> _Your task_
Each line from the top of the listing through the one holding "The story of" should be restated word for word, with nothing added and no pictures.

> _Supplied data_
####################
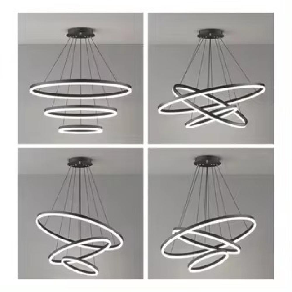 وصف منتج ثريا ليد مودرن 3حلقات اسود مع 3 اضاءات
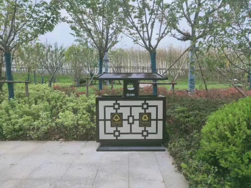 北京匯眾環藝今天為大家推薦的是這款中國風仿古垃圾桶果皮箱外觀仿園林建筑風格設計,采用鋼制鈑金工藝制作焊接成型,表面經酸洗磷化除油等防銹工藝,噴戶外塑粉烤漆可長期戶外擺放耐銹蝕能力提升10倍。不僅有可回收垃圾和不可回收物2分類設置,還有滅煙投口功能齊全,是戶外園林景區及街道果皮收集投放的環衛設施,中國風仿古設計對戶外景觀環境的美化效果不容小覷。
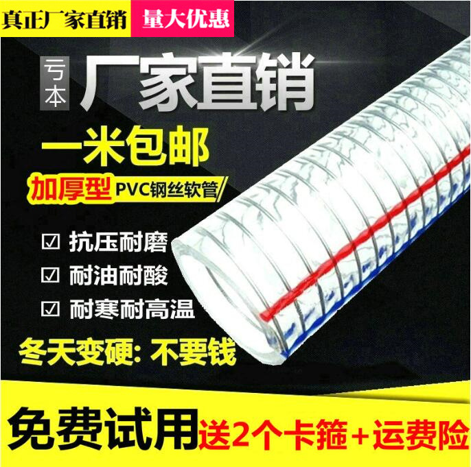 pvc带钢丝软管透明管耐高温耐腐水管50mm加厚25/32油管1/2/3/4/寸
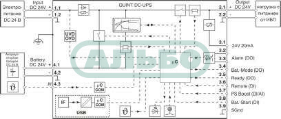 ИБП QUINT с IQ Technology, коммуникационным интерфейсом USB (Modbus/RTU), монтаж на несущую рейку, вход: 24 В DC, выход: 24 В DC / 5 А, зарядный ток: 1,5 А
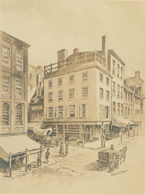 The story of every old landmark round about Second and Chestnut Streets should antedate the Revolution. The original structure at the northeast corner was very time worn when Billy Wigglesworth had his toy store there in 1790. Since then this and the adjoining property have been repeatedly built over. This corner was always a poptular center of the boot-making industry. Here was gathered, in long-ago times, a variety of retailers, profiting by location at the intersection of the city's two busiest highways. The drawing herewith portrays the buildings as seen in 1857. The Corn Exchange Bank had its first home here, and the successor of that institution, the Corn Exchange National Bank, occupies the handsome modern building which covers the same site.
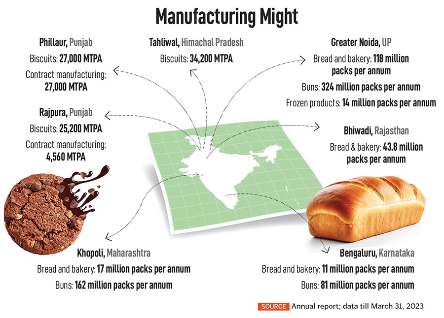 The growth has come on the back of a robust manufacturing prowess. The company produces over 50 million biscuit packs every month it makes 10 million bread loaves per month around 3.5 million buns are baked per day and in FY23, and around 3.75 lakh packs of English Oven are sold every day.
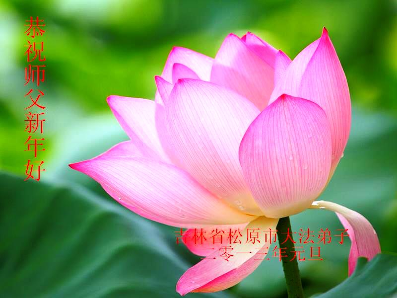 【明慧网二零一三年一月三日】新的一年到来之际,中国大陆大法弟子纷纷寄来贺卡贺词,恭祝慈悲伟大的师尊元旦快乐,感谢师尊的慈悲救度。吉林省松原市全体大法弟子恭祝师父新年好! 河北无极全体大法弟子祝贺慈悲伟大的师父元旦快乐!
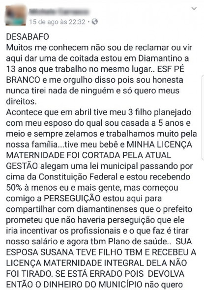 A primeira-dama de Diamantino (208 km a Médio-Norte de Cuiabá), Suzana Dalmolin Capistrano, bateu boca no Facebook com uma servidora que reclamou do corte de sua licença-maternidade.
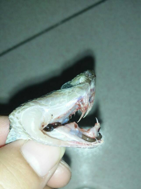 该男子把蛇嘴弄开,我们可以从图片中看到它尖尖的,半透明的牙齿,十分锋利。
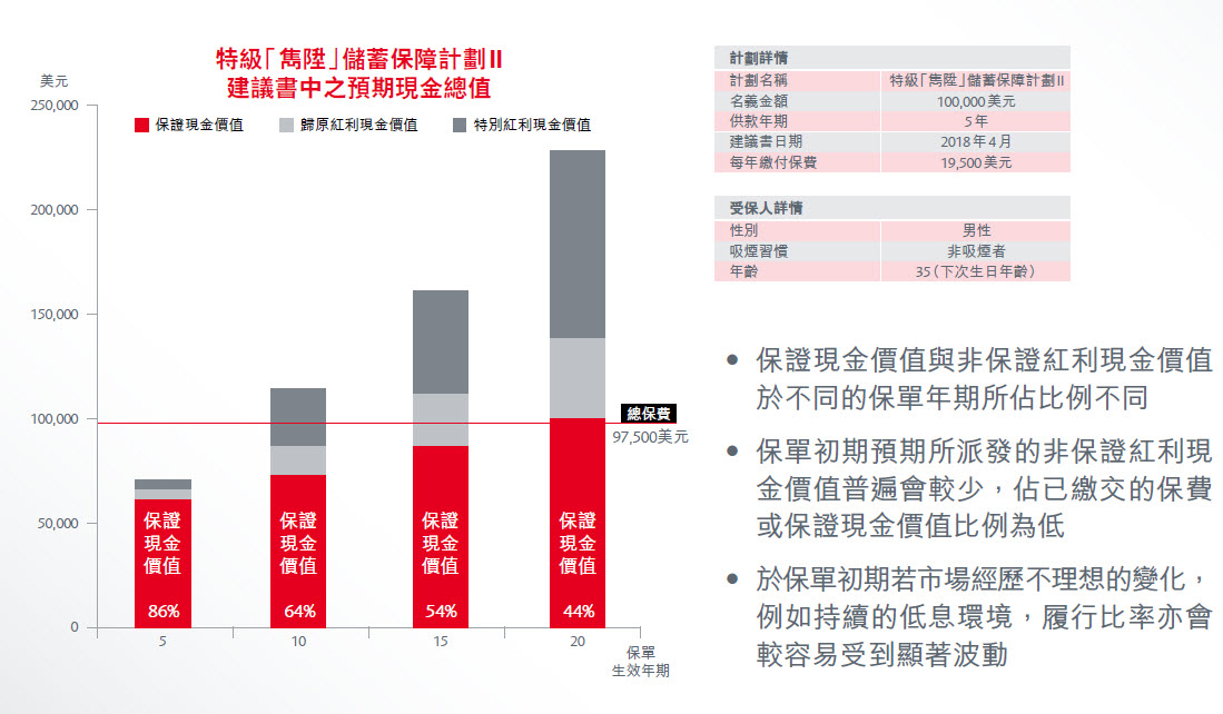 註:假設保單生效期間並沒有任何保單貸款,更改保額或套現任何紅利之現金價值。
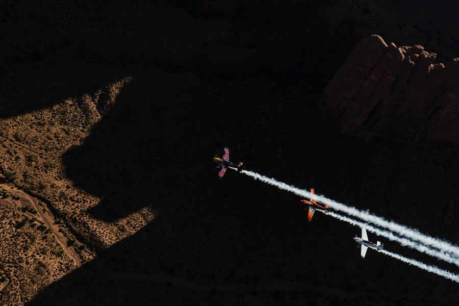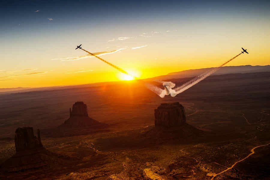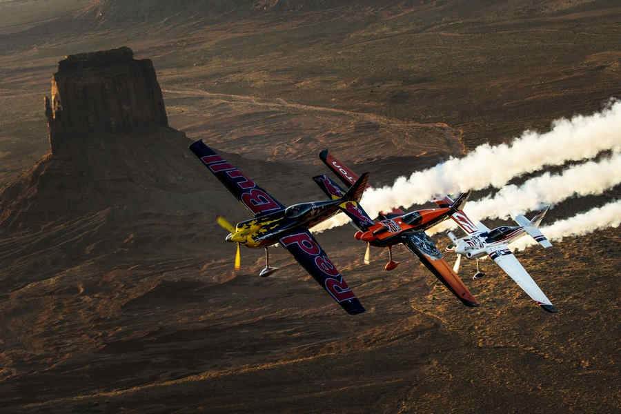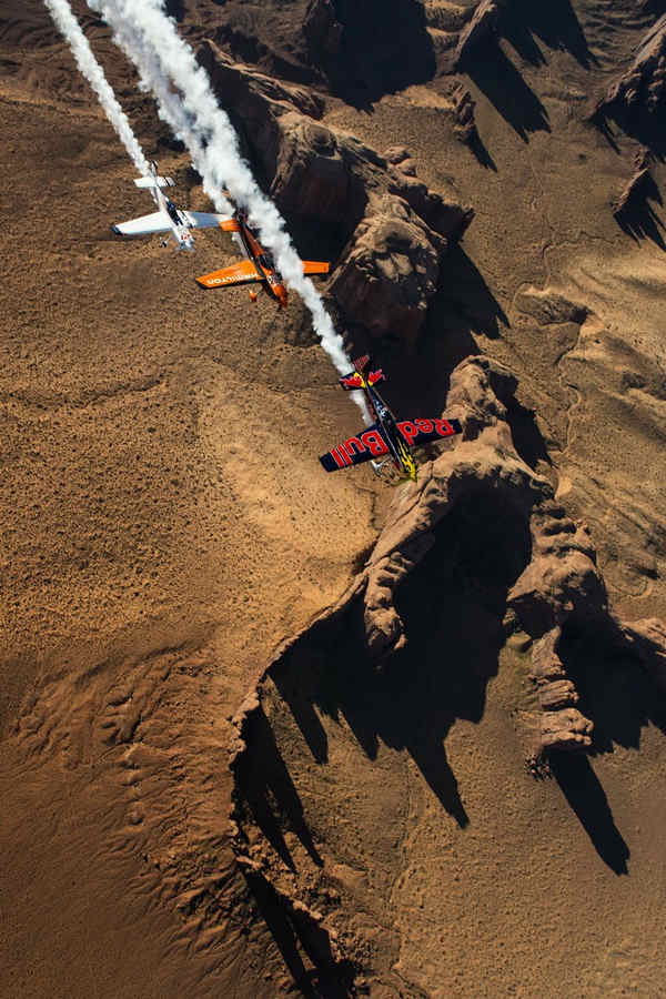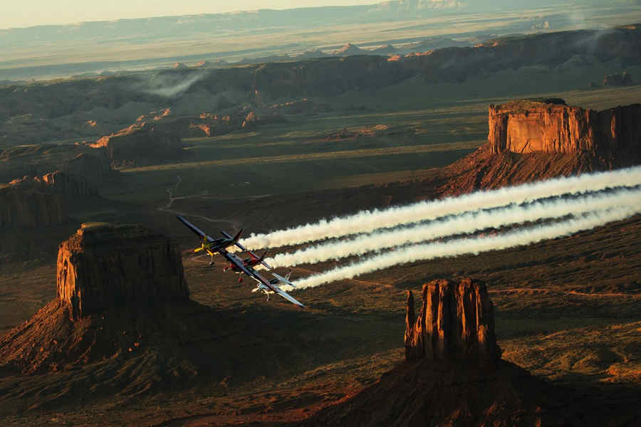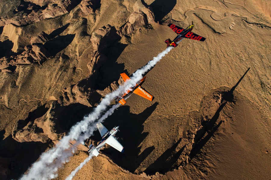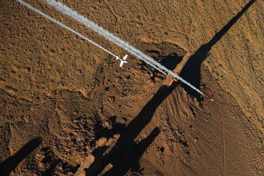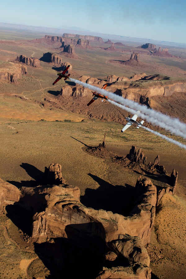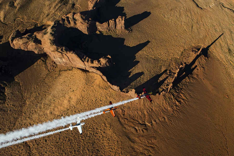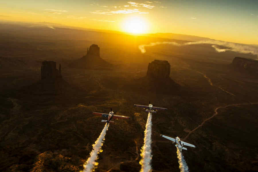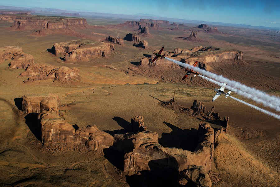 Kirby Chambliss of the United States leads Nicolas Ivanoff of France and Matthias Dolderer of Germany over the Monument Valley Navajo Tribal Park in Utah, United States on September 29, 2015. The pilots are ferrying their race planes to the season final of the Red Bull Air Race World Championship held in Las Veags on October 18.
####################
> _Exercise result_
 وصف منتج ثريا ليد مودرن 3حلقات اسود مع 3 اضاءات
 北京匯眾環藝今天為大家推薦的是這款中國風仿古垃圾桶果皮箱外觀仿園林建筑風格設計,采用鋼制鈑金工藝制作焊接成型,表面經酸洗磷化除油等防銹工藝,噴戶外塑粉烤漆可長期戶外擺放耐銹蝕能力提升10倍。不僅有可回收垃圾和不可回收物2分類設置,還有滅煙投口功能齊全,是戶外園林景區及街道果皮收集投放的環衛設施,中國風仿古設計對戶外景觀環境的美化效果不容小覷。
 pvc带钢丝软管透明管耐高温耐腐水管50mm加厚25/32油管1/2/3/4/寸
 ИБП QUINT с IQ Technology, коммуникационным интерфейсом USB (Modbus/RTU), монтаж на несущую рейку, вход: 24 В DC, выход: 24 В DC / 5 А, зарядный ток: 1,5 А
 The story of every old landmark round about Second and Chestnut Streets should antedate the Revolution. The original structure at the northeast corner was very time worn when Billy Wigglesworth had his toy store there in 1790. Since then this and the adjoining property have been repeatedly built over. This corner was always a poptular center of the boot-making industry. Here was gathered, in long-ago times, a variety of retailers, profiting by location at the intersection of the city's two busiest highways. The drawing herewith portrays the buildings as seen in 1857. The Corn Exchange Bank had its first home here, and the successor of that institution, the Corn Exchange National Bank, occupies the handsome modern building which covers the same site.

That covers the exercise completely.